» **WHAT YOU NEED TO DO**
Skip every picture. Print each line from the one containing "sense of calm" through the end of the records below, word for word.

» **DATA LISTING**
*** Begin section ***

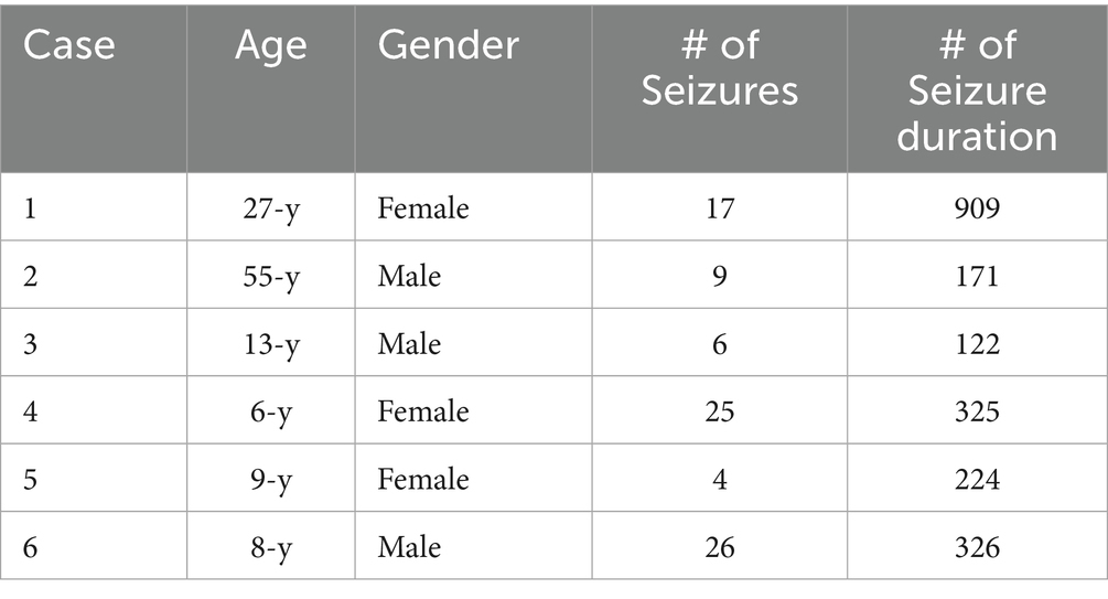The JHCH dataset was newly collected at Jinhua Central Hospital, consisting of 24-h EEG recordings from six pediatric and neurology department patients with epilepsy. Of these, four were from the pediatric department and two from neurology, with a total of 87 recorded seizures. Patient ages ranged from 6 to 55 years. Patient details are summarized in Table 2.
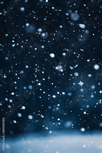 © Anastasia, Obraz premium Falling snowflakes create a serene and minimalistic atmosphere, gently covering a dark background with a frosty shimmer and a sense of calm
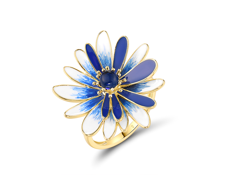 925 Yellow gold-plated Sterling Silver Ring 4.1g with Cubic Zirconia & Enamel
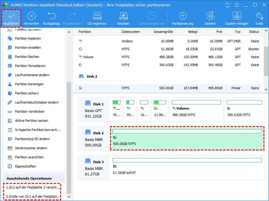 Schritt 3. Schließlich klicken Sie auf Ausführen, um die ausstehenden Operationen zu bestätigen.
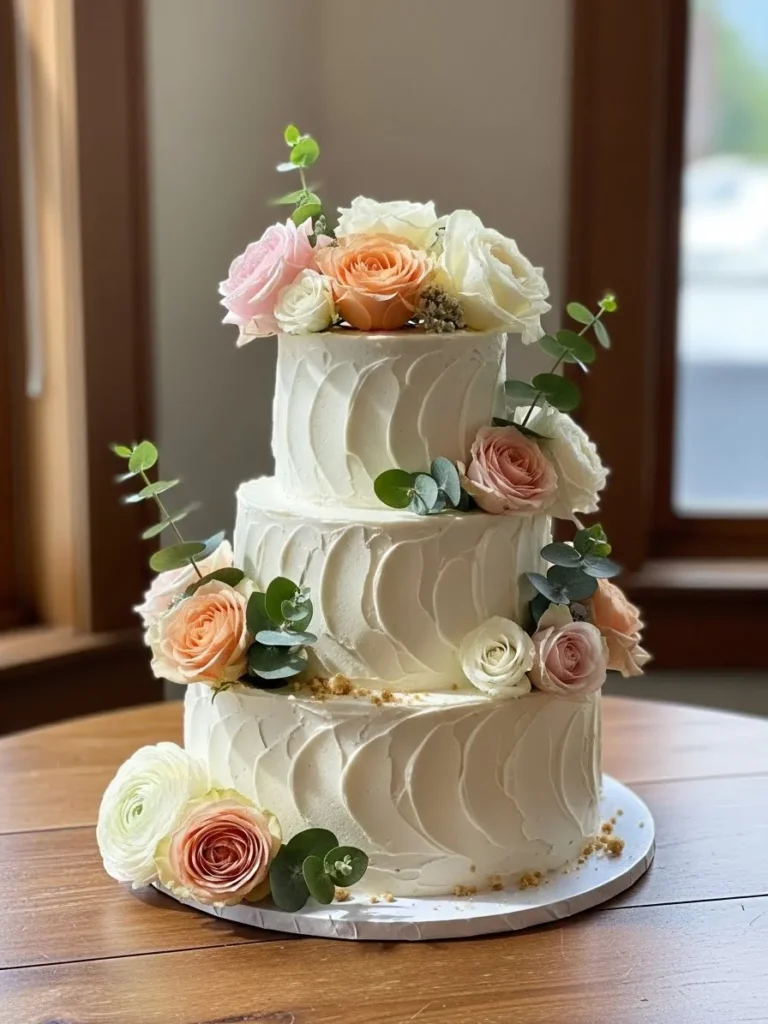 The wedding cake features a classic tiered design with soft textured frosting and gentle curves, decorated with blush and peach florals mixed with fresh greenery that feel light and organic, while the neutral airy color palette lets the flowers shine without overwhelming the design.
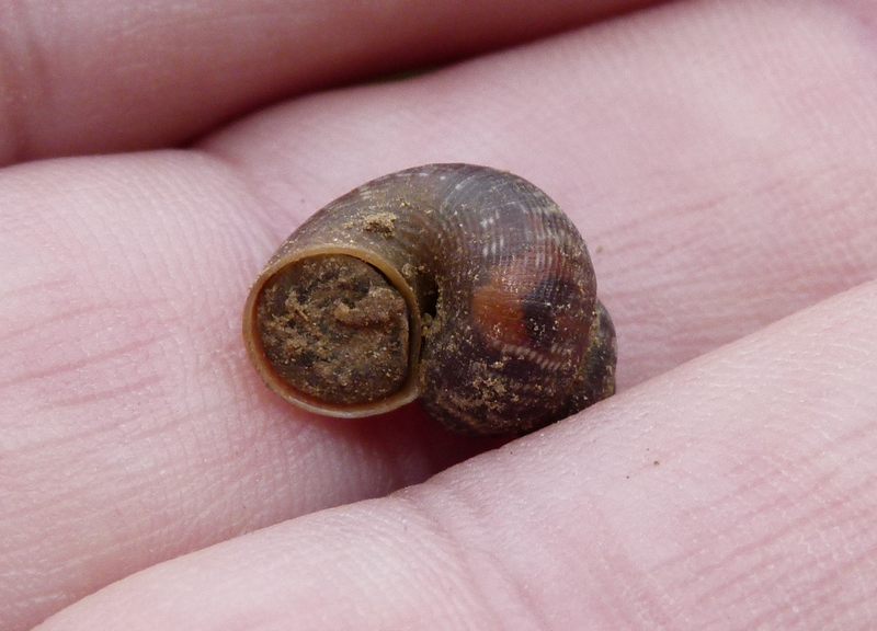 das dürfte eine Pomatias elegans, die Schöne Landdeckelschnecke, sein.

*** End section ***

» **TASK RESPONSE**
 © Anastasia, Obraz premium Falling snowflakes create a serene and minimalistic atmosphere, gently covering a dark background with a frosty shimmer and a sense of calm
 925 Yellow gold-plated Sterling Silver Ring 4.1g with Cubic Zirconia & Enamel
 Schritt 3. Schließlich klicken Sie auf Ausführen, um die ausstehenden Operationen zu bestätigen.
 The wedding cake features a classic tiered design with soft textured frosting and gentle curves, decorated with blush and peach florals mixed with fresh greenery that feel light and organic, while the neutral airy color palette lets the flowers shine without overwhelming the design.
 das dürfte eine Pomatias elegans, die Schöne Landdeckelschnecke, sein.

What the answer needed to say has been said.